Things were running about normal until the 23rd of the month and then usage quadrupled. Normally I was using between 150-200MB a day when all of a sudden it jumped to over 900MB. Visits and hits stayed pretty much the same, but pages went way up. The biggest page served was “/archives/ miatatude/” which is automatically generated when requested.
Further delving into the stats, a lot of external links had web addresses with names like: – – – – – – –
Next I looked in the raw access logs and found a bunch of entries that looked like this: – – [26/Aug/2005:00:00:08 -0500] “GET /archives/miatatude/ HTTP/1.0” 200 26131 “” “Mozilla/5.0 (Windows; U; Windows NT 5.1; en-US; rv:1.5) Gecko/20031007 Firebird/0.7” and – – [26/Aug/2005:00:02:00 -0500] “GET /archives/miatatude/ HTTP/1.0” 200 1723287 “” “Mozilla/5.0 (Windows; U; Windows NT 5.1; en-US; rv:1.5) Gecko/20031007 Firebird/0.7”

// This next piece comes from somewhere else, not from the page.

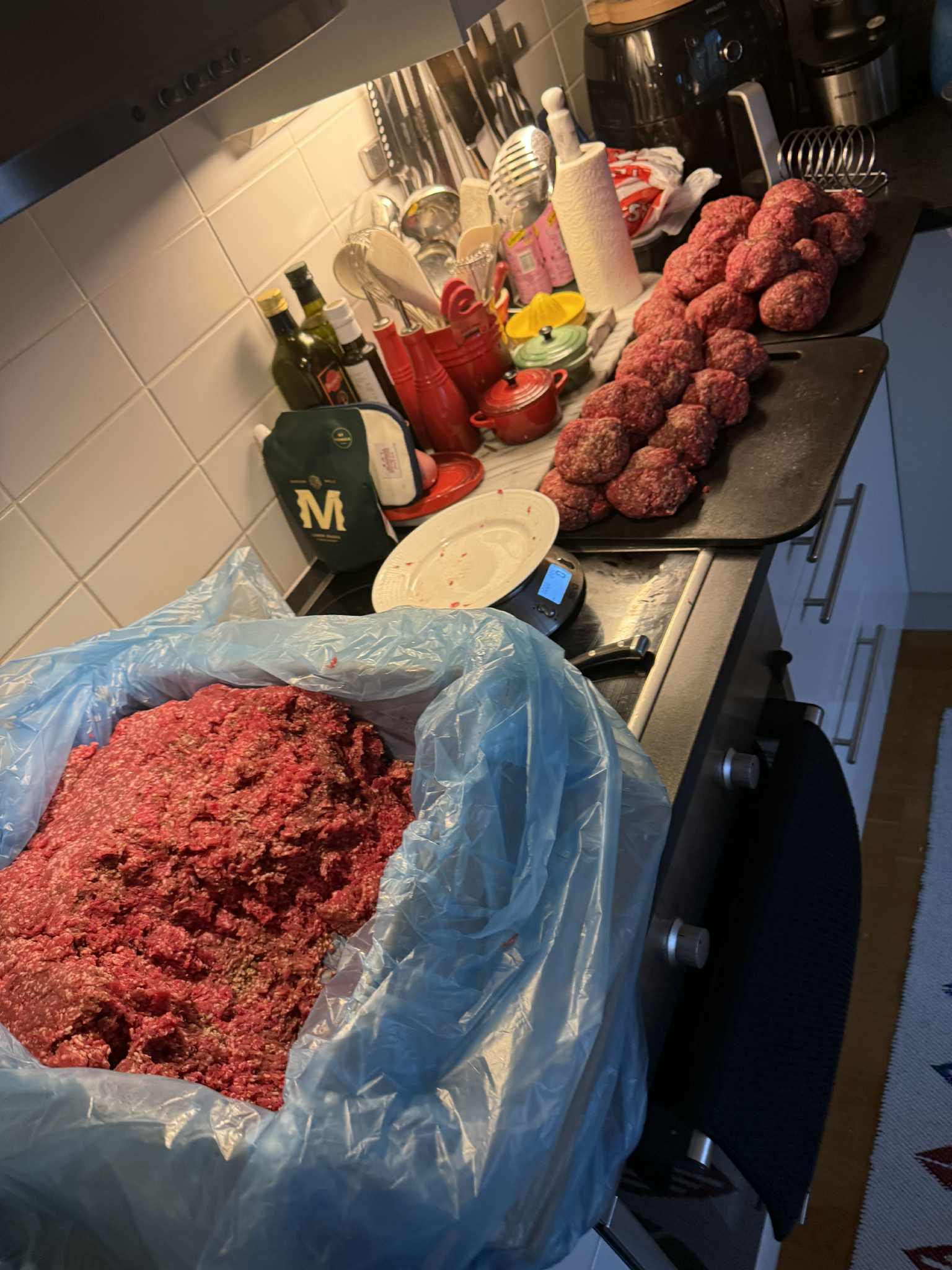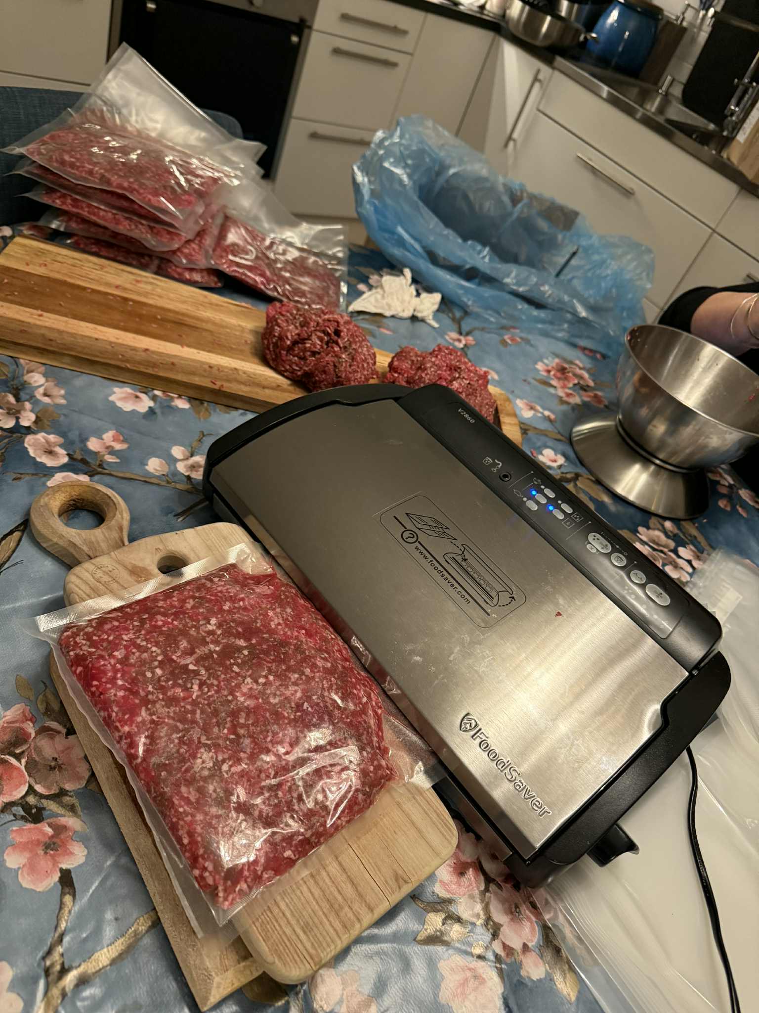 På torsdag kväll när jag kom hem hade Anita hämtat Eivor på tåget och Jonny hade åkt till Eriksbergs gård under dagen och hämtat 60 kg kött som vi skulle ta ta hand om. Bla paketera 30 kg köttfärs.

I did some reading up on deciphering that mumbo-jumbo and what is really strange is that both those requests are for the same web page, but for one a lot more info is returned, but the big question is what is going on here? I found like the top ten IP addresses doing this requesting and denied them access so they will get a 403 instead content. What really worries me is this looks a lot like comment spam roaches, you squash one and several more crawl out from the base boards. Am I going to have to check my logs daily and ban IPs until I close every one?
Have you tried taking a look in your comment table in your DB? Doing a search ordered by date could show you whether they’re seeding your past pages with comments pointing at their domains. Also, are you re-writing URLs placed in comments with the rel=’nofollow’ syntax? This kills the benefit in terms of pagerank and google, which is typically why you get this spam to begin with. Somehow I think you already know this stuff though… =)
This may be what they are trying to do, but it ain’t happening. I run some sort of MT plug in that closes comments once the entry falls off the front page (10 days?)
Go forth and acquire MT Blacklist.
It’s a slick tool that will allow you to ban based on content, not IP. It will also help eliminate those pernicious trackpack pings spams.
Used to run Blacklist, but stopped once I installed MT Close Comments. You think that is what those are, track back pings? That feature isn’t enabled on my blog…